Classify-sklearn low classification depth

Hi @ErikaGanda,
Your problem is a little bit different (the other post concerned use of vsearch specifically, and the sequences were not being assigned any taxonomy, yours are but receive shallow assignments), and so I have split into its own thread.

Unless if your reads are very short/low quality, you should indeed be getting much deeper classification with this classifier! So let's take a step back and examine how these reads were put together — you may be selecting the wrong classifier for your reads, depending on the primers that you are using.

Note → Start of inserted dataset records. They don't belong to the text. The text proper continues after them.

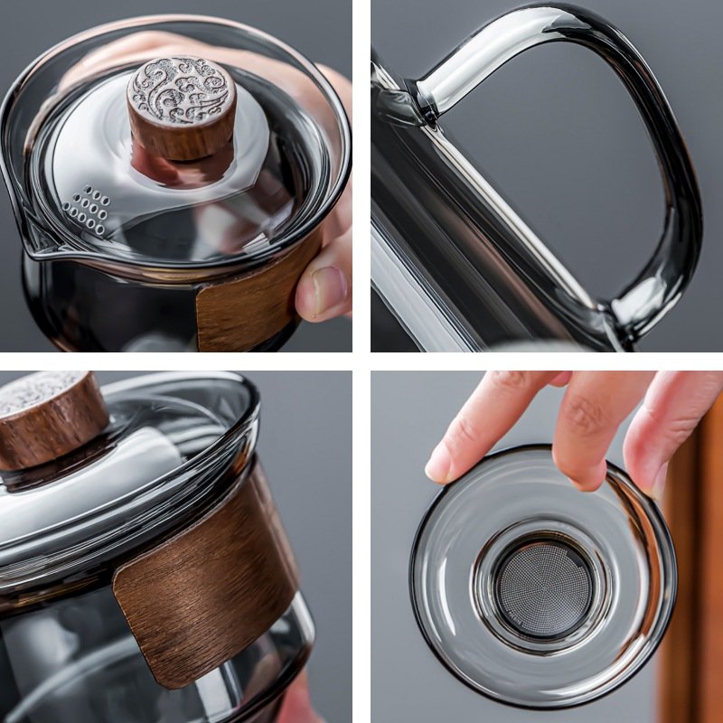 Made from premium borosilicate glass, this tea set is resistant to thermal shock and breakage, ensuring it lasts for years. The heat-resistant properties of the borosilicate glass make it ideal for both hot and cold tea infusions. The clear grey color adds sophistication to the design, making it a perfect choice for modern kitchens or as a gift for tea enthusiasts. The set’s transparency allows you to observe the tea’s color as it brews, enhancing your enjoyment.
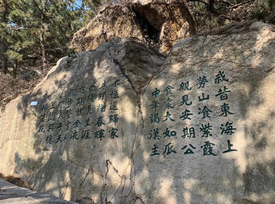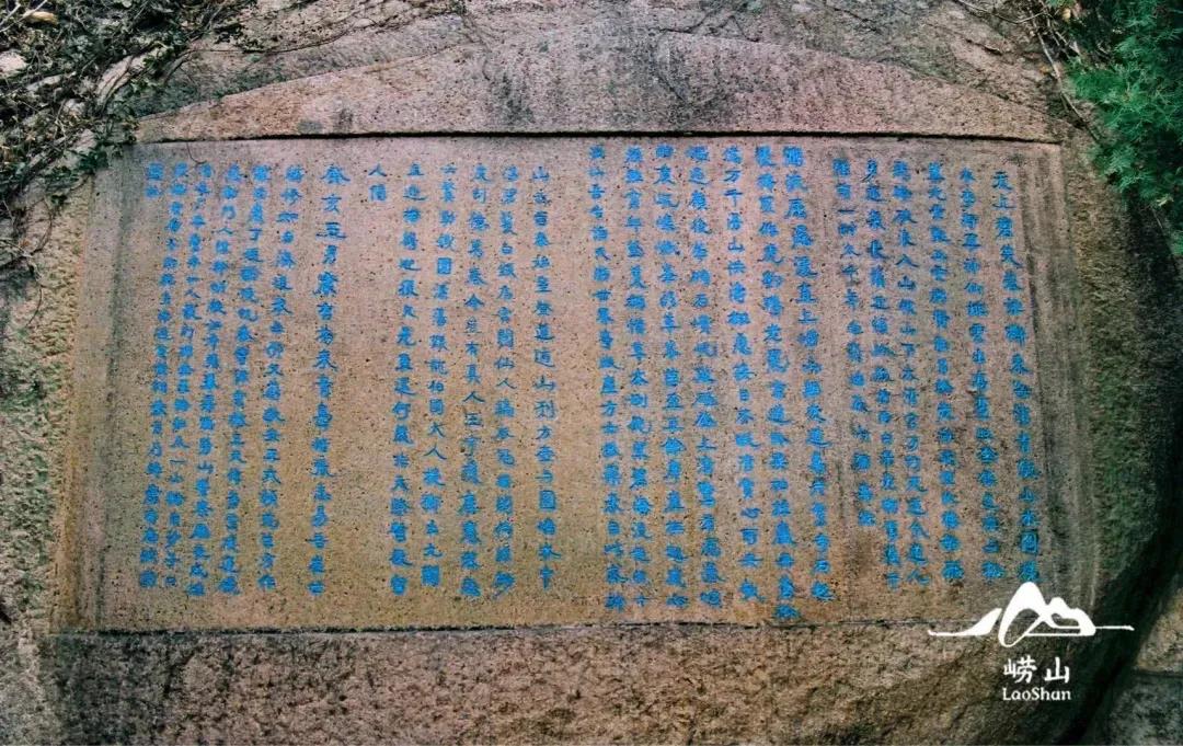 晋太安二年(公元303年),晋人在小崂山烟台顶完成了第一处刻石。至此一千七百余年来,唐人采药孙昙,南宋北七真丘处机、元成吉思汗敕谕刻石,明清以来的大学士陈沂、邹善、巡抚惠龄诸家,近代的徐世昌、康有为、傅增湘、蔡元培、闻一多、沈从文、梁实秋等文人墨客,都曾在崂山留下足迹。建国后尚有一些重要的纪念性碑记。
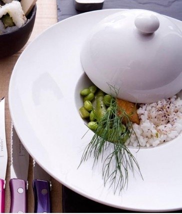 Assiette de présentation gusto avec cloche en porcelaine
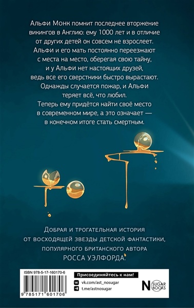 Альфи Монк помнит последнее вторжение викингов в Англию: ему 1000 лет, и, в отличие от других детей, он совсем не взрослеет. Альфи и его мать постоянно переезжают с места на место, оберегая свою тайну, и у Альфи нет настоящих друзей, ведь все его сверстники быстро вырастают. Однажды случается пожар, и Альфи теряет всё, что любил. Теперь ему придётся найти своё место в современном мире, а это означает — в конечном итоге стать смертным. Добрая и трогательная история от популярного британского автора, звезды подростковой фантастики Росса Уэлфорда.

Some other users have reported similar problems, e.g., here. This issue is usually caused by:

  1. The wrong reference sequences are being used (or extracted improperly)
  2. The query sequences are very short or low quality.

So, some questions about your data:

  1. What primers are you using? I notice that for classification you use the Greengenes database with V4 domain extracted using the 515f/806r primers. Is this appropriate for your input sequences?
  2. How long are your query sequences? Did you use QIIME2 for all upstream steps (e.g., dada2 for quality control) or are you importing these reads from elsewhere for taxonomy assignment?

That probably will not help here — if Greengenes is performing poorly, so will SILVA trained on the same amplicon region. SILVA takes around 30X the time to run because the database is much much bigger.

Let us know if the above helps sort out the issue!